Let’s look at these algorithms in detail.
Gossip
Let’s define it first -
Gossip protocols are a method of communication in distributed systems where nodes exchange information by periodically selecting random peers and sharing updates.
Suppose we have the following topology of all the servers in a network. Maybe this is not an accurate description, but it can suffice the point I will make.
In large distributed systems, ensuring that all nodes receive updates quickly and efficiently is challenging. Traditional client-server models create bottlenecks.
How will you decide which ones to send the information to? How can you make sure you get an accurate idea about all the servers in the network?
Let's look at P0 in the network above. We will have to check which nodes are unhealthy so we can replace them.
P0 sends health checks to P6, P5, P3 and P1. P6, P5 doesn’t send ACK back, meaning there might be some issue in the network.
Let’s list down the possible causes by which this can happen -
Network partition between P0 and (P1, P6, P5)
Some issue in P1, P6, P5
Some issue in P0 itself while getting the ACK back
So, doing just 1 health check to neighboring nodes doesn’t guarantee a status check to those nodes.
Let’s look at it another way. What if we send a health check to all the nodes in the network from P0? It makes sense, but it’s not scalable when we are dealing with thousands of nodes in the network across the globe.
We want some kind of consensus to help us be sure that exactly those nodes are affected.
How to Gossip Efficiently
How can we improve the algorithm we saw above? Let’s modify it slightly.
Every node in the system periodically picks a random peer and shares information with it.
This process continues, ensuring that information spreads exponentially
Gossip protocols do not guarantee immediate consistency but achieve eventual consistency (as it takes time for information to reach all the nodes this way)

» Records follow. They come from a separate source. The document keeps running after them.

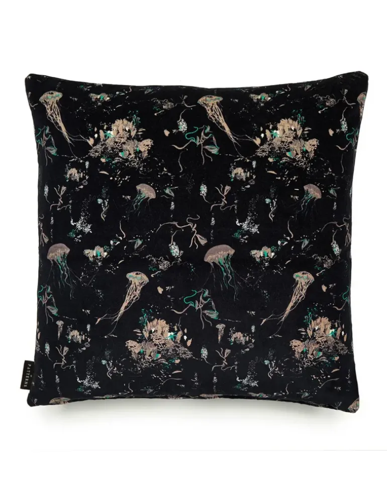 Submerge yourself in the tranquil underwater world of 17 Patterns? Jellyfish collection by 17 Patterns and Christina K. This aquatic paradise features electric jellyfish with trailing tentacles submerged in an oceanic current of coral reefs and sea anemones.
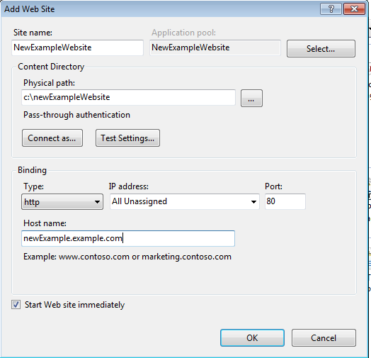 我使用宿主控制面板将子域指向IP地址,而不是11.11.11.11/newExampleWebsite。但是,为了确保在导航到newExampleWebsite时显示“newExample.example.com”,我们需要在IIS中执行以下操作。
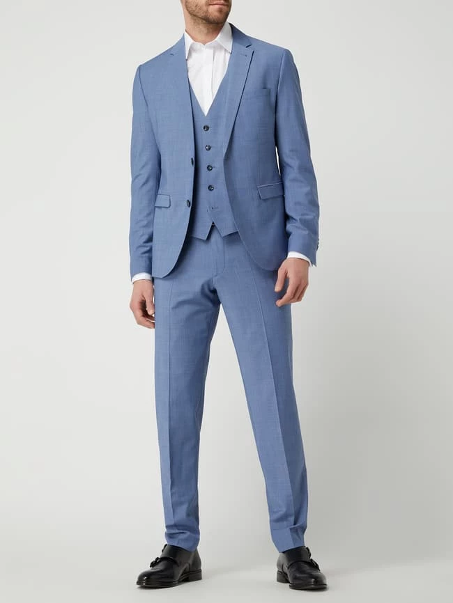 Die Anzughose von CINQUE ist aus fein strukturiertem Material gefertigt. Sie kommt mit schmal zulaufendem Bein, französischen Eingrifftaschen und Bügelfalten.
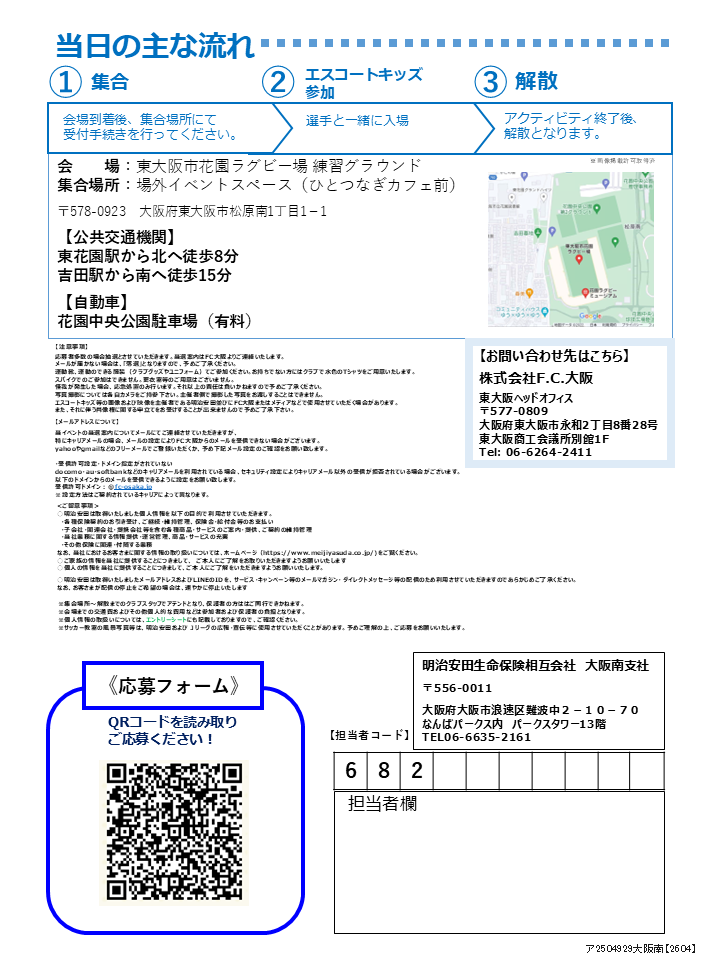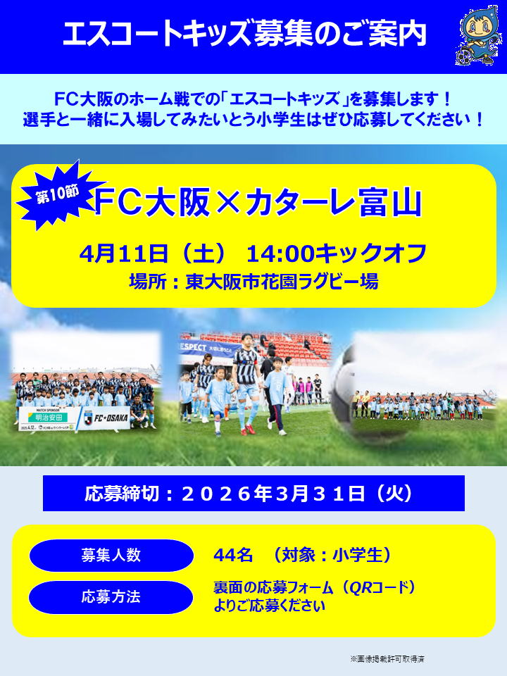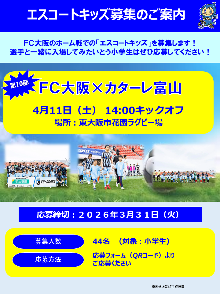 ※エスコートキッズ等の画像および映像を主催者である明治安田並びにFC大阪またはメディアなどで使用させていただく場合があります。
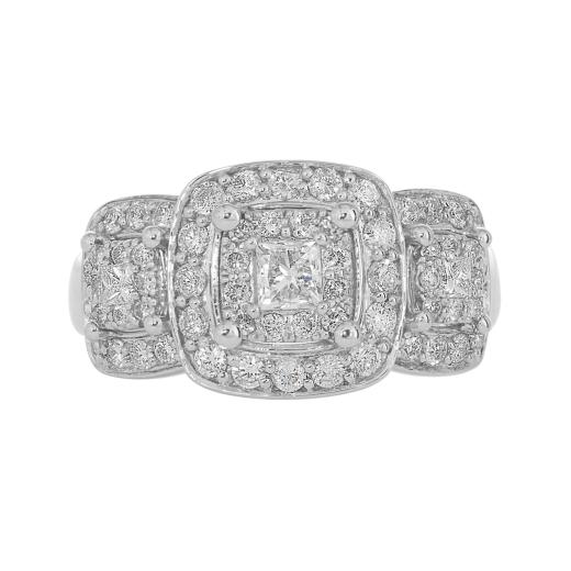 This modern 14k white gold diamond ring charms with magnificent sparkle. Crafted with a three-stone clustered design, this 1ctw ring features a princess cut diamond at the centre of each cluster, with a squared double halo.
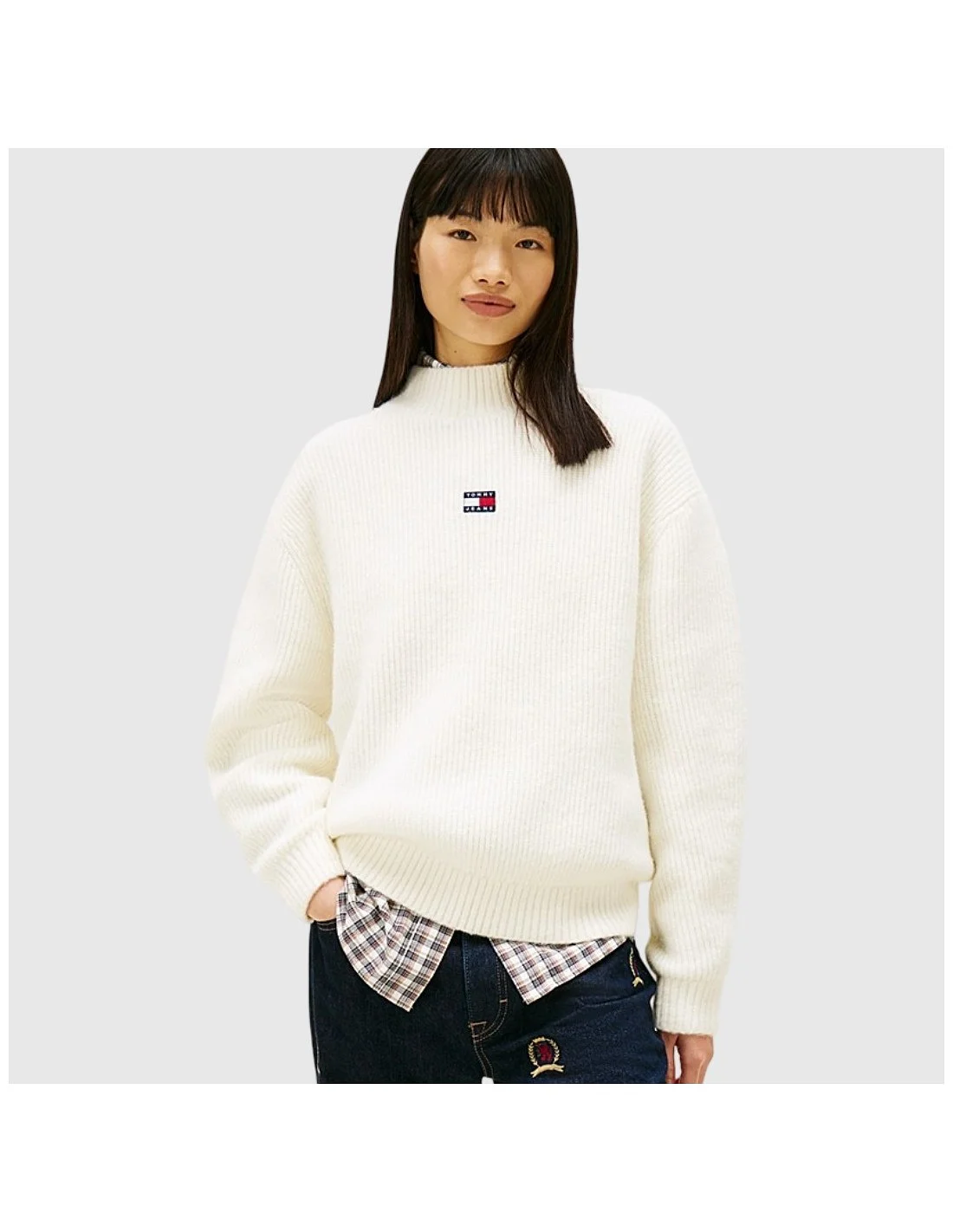 El jersey de mujer Tommy Hilfiger destaca por su diseño de canalé con cuello subido y ajuste relajado. Incorpora el logotipo pequeño bordado en el pecho como sello distintivo. Confeccionado en punto grueso, es ideal para climas fríos y estilos casuales. Su estética minimalista lo hace fácil de combinar en looks urbanos o informales.
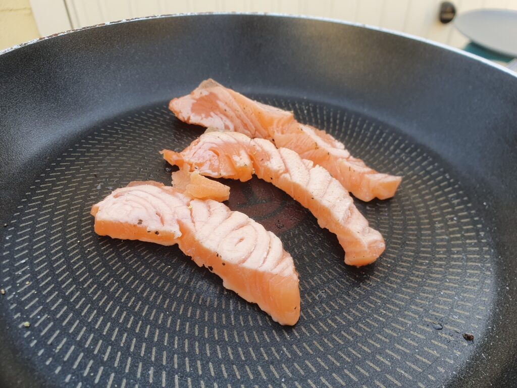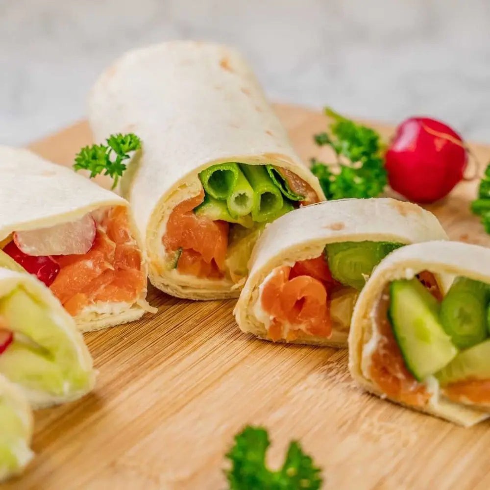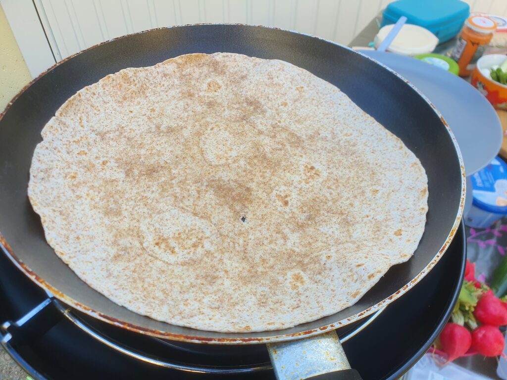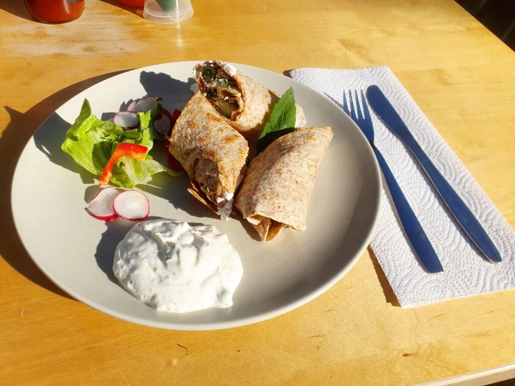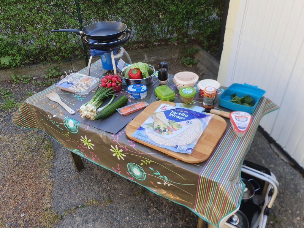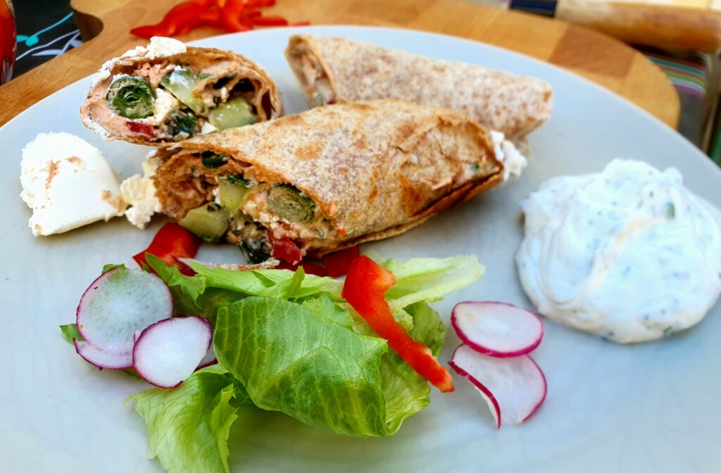 Wrap(s) – noch nie vorher selbst gemacht. Na gut, ausprobieren geht immer. Aber das Ergebnis war überraschend. Es hat wunderbar geschmeckt. Auch wenn dieser Teig nicht unbedingt meins ist, war es ultra lecker; so zumindest die Meinung der Gäste. Drinnen ist ein Frischkäse mit Paprika und Lauch, etwas Frühlingszwiebel, Gurke und Lachs. Ich habe den Lachs leicht angebraten, das fand ich passender als roh. Noch etwas mit Gewürzen, Paprikapesto und Quark sowie Frischkäse, Salat und Paprika angerichtet – fertig. Scheckt auch kalt! Auf jeden fall ein Gericht, was ich gerne mal wieder machen kann.
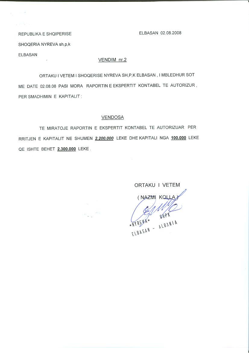 → Ekstrakti Historik i Regjistrit Tregtar date 22.11.2021 → Statuti i Shoqerise → Vendim i ortakut te vetëm per rritjen e kapitalit date 02.08.2008 |
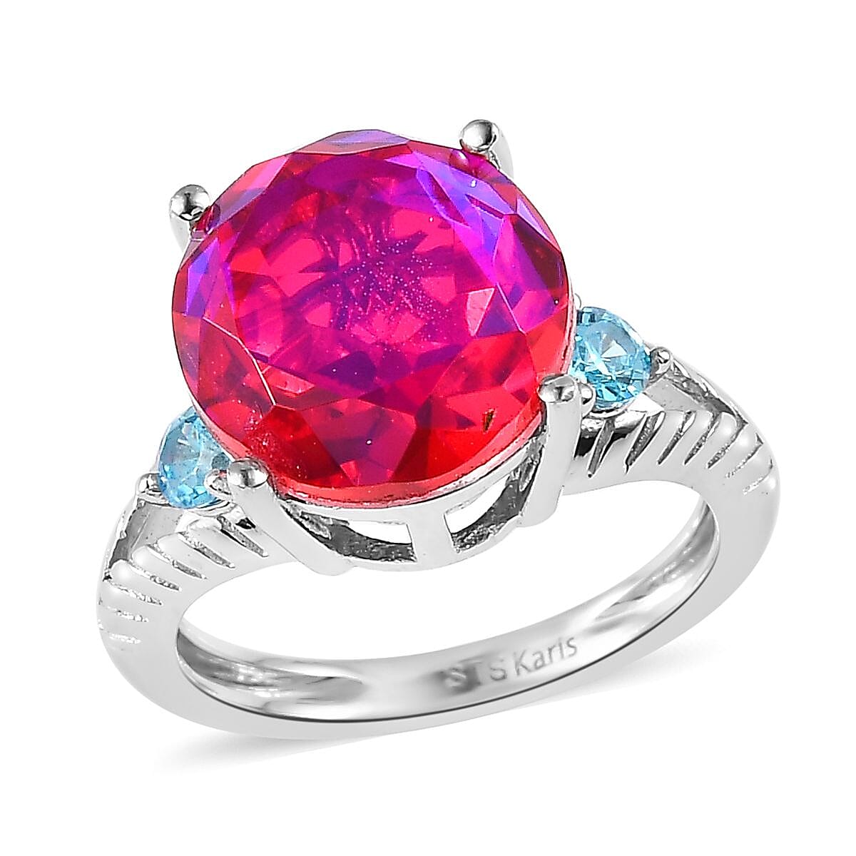 Karis Volcanic Quartz (Triplet) and Simulated Blue Diamond Ring in Platinum Bond (Size 10.0) 6.00 ctw

The speed of information propagation is measured using the epidemic threshold (as in the rate at which an epidemic spreads), determining when most nodes have received the data.
Advantages
Decentralized – No single point of failure; all nodes participate equally.
Fault-Tolerant – If some nodes fail, the protocol still works as long as enough nodes remain functional.
Scalable – Works well even in large distributed networks with thousands of nodes.
Low Overhead – Communication cost is minimal compared to broadcasting to all nodes.
Types of Gossip Algorithms
There are different types of gossip protocols depending on their purpose:
A. Epidemic Dissemination (Data Propagation)
Used for spreading updates efficiently across a network.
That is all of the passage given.